Родился Максимилиан Волошин 16 (28) мая 1877 года в Киеве, при рождении получил двойную фамилию отца – Кириенко-Волошин. Когда ему было три года, мать ушла от мужа, и если верить впечатлениям Марины Цветаевой – ушла, чтобы сохранить собственную цельность, и сохранить цельность маленького сына, который с детства не был похож на других детей.

Вот характерное замечание Цветаевой: «Это была неразрывная пара, и вовсе не дружная пара. Вся мужественность, данная на двоих, пошла на мать, вся женственность – на сына, ибо элементарной мужественности в Максе не было никогда, как в Е.О. элементарной женственности. Если Макс позже являл чудеса бесстрашия и самоотверженности, то являл их человек и поэт, отнюдь не муж (воин). Являл в делах мира (примирения), а не в делах войны. …Миротворчество М.В. входило в его мифотворчество: мифа о великом, мудром и добром человеке».

И это не просто слова, не просто – образ: Волошин действительно был мудрецом, философом, и те же впечатления Цветаевой подтверждаются и его творчеством, и его поступками. В своих статьях, стихотворениях он размышлял о природе войн и противостояний, никого не обвиняя, а лишь – проникая в суть проблемы. В жизни – в начале первой мировой войны написал письмо военному министру России об отказе от участия в кровавой бойне. Вот Цветаева вспоминает ответ Волошина матери: «Не могу же я влезть в гимнастерку и стрелять в живых людей только потому, что они думают, что думают иначе, чем я». И пишет далее: «Вражду он ощущал союзом. Так он видел и германскую войну, и гражданскую войну… Так можно видеть только сверху, никого сбоку, никогда из гущи». И в подтверждение – стихотворение периода гражданской войны 1919 года, «Неопалимая купина»:

Всё неразумно, необычайно:
Взмахи побед и разрух...
Мысль замирает пред вещею тайной
И ужасается дух.
<…>
Помню квадратные спины и плечи
Грузных германских солдат –
Год... и в Германии русское вече:
Красные флаги кипят.
<…>
Мы – зараженные совестью: в каждом
Стеньке – святой Серафим,
Отданный тем же похмельям и жаждам,
Тою же волей томим.

Мы погибаем, не умирая,
Дух обнажаем до дна.
Дивное диво – горит, не сгорая,
Неопалимая Купина!

Волошин в своей статье «Поль Верлен. Стихи, избранные и переведенные Ф.Сологубом», написал: «…есть область искусства, которая иногда (правда, редко, случайно и прихотливо), но все же доносит нам наиболее интимные, наиболее драгоценные  оттенки голосов тех людей, которых уж нет. Это ритмическая речь – стих».

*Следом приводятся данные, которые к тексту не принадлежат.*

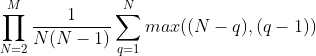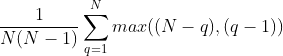 In the triangular section, you can see max((N–q),(q-1)) for the values of N in row two, and q in column C. The sum of those values, for a particular N, is in row 24, and N(N-1) is calculated in row 25. Dividing row 24 by row 25 gives the value of formula 4, and is on row 27 in decimal form, and on row 28 as a fraction. Lastly, multiplying values on line 27 together gives the values on line 30, equal to formula 5.
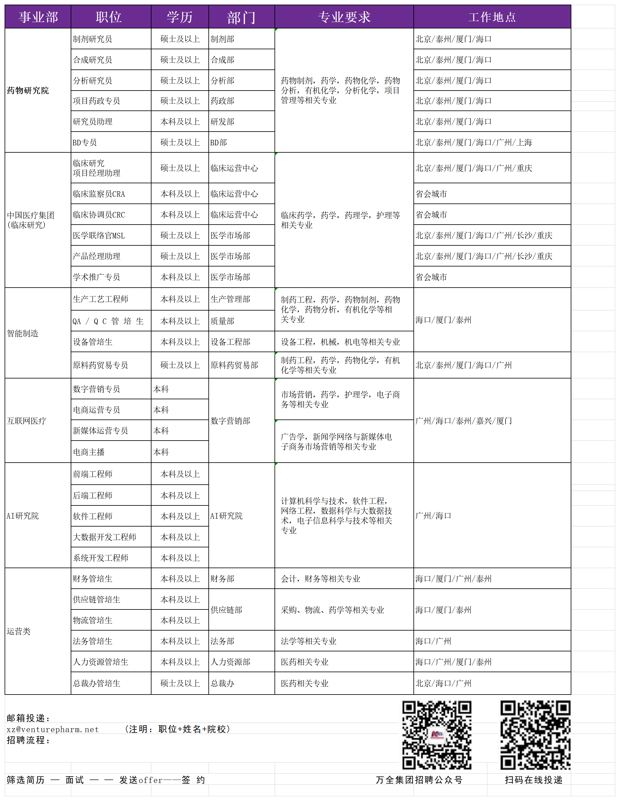 万全万特制药(厦门)有限公司招聘简章
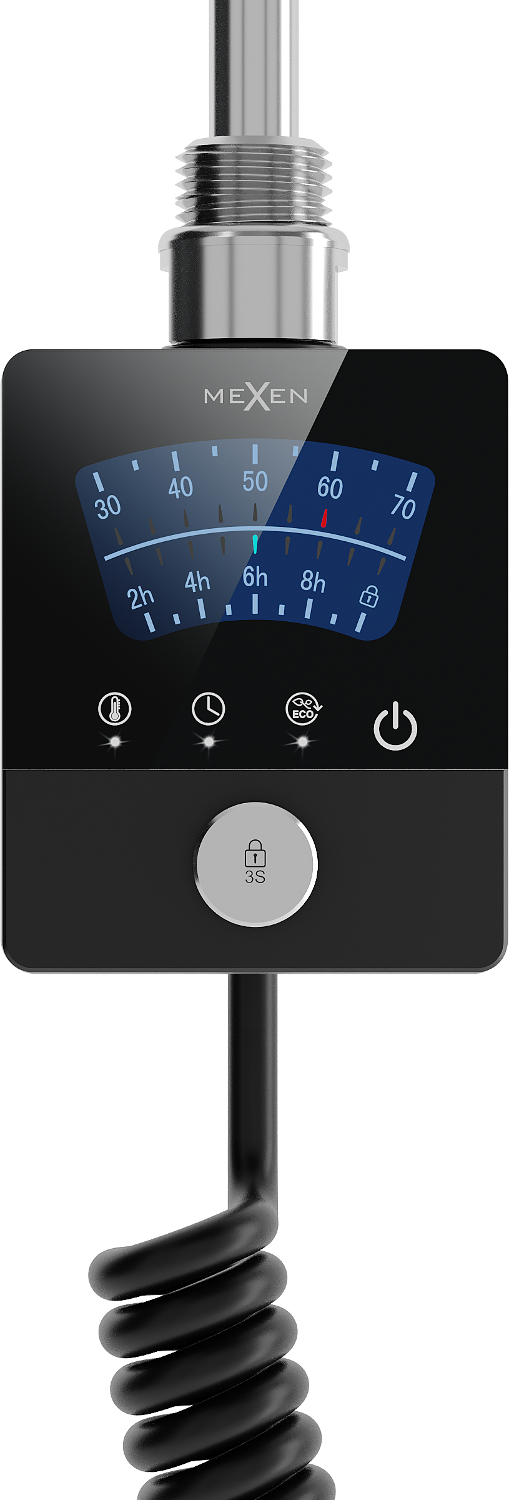 Mexen FA-BG8 elektrické topné těleso 300 W v černé barvě je pokročilé technologické zařízení, které zajišťuje efektivní vytápění. S celkovou délkou 409 mm a topným prvkem o délce 310 mm je ideální pro různé použití. Topné těleso nabízí funkce jako Sensitive (nastavení teploty s přesností do 5 stupňů), Comfort (sušící možnost), Smart (týdenní harmonogram činností), ECO (úspora energie), Anti-frost (ochrana před zamrznutím) a dětská pojistka.
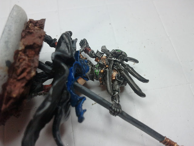 Once it is all dry you can use what ever colors you had in mind, and use the dry brushing technique to give the rocks some depth and dimension. Use your brightest color only on the edges of the cork to give it a lighting effect and you will be done. Add some sort of static grass or "Underbrush" from woodland scenics for the foliage and you can also line the base of the cork with green or brown"Fine Turf" to create moss or erosion.If you have heads, arms, legs, torsos, hands, etc laying around a bits bow, you could also add these to the base and paint them all gored up. You could even use the sprue you cut your minis off of to make crystals, logs, steel beams, etc. I reuse and recycle anything that i think will look good in a mini.
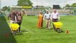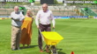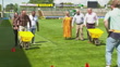 CLEAN: Exterior shots of Ed Davey, leader of the Democratic Party, takes part in wheelbarrow race at Huish Park Stadium during the general election campaign on the 17th of June 2024, in Yeovil, Somerset, Unted Kingdom

По мнению Волошина, именно голос есть материализация души человека, и таким образом стих – проявленная душа поэта. Здесь он выразил интересную мысль, которая граничит со – знанием: он отождествил голос человека с его душой, и даже доказал свое предположение тем, что после смерти остается тело – но исчезает голос, так же как отлетает душа, и ни то, ни другое, нельзя пощупать и взвесить.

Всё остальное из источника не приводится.